_THE PROBLEM_: Using the listing below, set down each line from the line containing "しっとりとなめらかなマイクロ" through the line containing "Mešita al-Nouri /", both ends included, exactly and with nothing added.

_PROVIDED MATERIAL_:
========

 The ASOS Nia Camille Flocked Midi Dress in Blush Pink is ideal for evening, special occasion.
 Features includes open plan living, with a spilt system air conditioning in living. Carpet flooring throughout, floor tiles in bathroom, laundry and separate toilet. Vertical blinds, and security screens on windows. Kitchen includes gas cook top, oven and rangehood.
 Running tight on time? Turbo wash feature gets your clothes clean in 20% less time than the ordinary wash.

========

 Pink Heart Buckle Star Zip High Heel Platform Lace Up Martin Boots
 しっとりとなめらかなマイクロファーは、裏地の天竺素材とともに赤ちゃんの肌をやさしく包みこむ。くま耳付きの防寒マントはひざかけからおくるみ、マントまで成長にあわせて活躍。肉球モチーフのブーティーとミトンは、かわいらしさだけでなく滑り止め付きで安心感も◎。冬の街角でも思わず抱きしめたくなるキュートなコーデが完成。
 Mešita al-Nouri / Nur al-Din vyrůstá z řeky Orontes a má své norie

========

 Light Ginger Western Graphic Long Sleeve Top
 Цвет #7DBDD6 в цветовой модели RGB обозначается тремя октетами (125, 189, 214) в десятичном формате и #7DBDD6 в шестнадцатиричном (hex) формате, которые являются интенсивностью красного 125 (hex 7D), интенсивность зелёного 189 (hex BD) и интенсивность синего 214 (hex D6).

========

_SOLUTION BELOW_:
 しっとりとなめらかなマイクロファーは、裏地の天竺素材とともに赤ちゃんの肌をやさしく包みこむ。くま耳付きの防寒マントはひざかけからおくるみ、マントまで成長にあわせて活躍。肉球モチーフのブーティーとミトンは、かわいらしさだけでなく滑り止め付きで安心感も◎。冬の街角でも思わず抱きしめたくなるキュートなコーデが完成。
 Mešita al-Nouri / Nur al-Din vyrůstá z řeky Orontes a má své norie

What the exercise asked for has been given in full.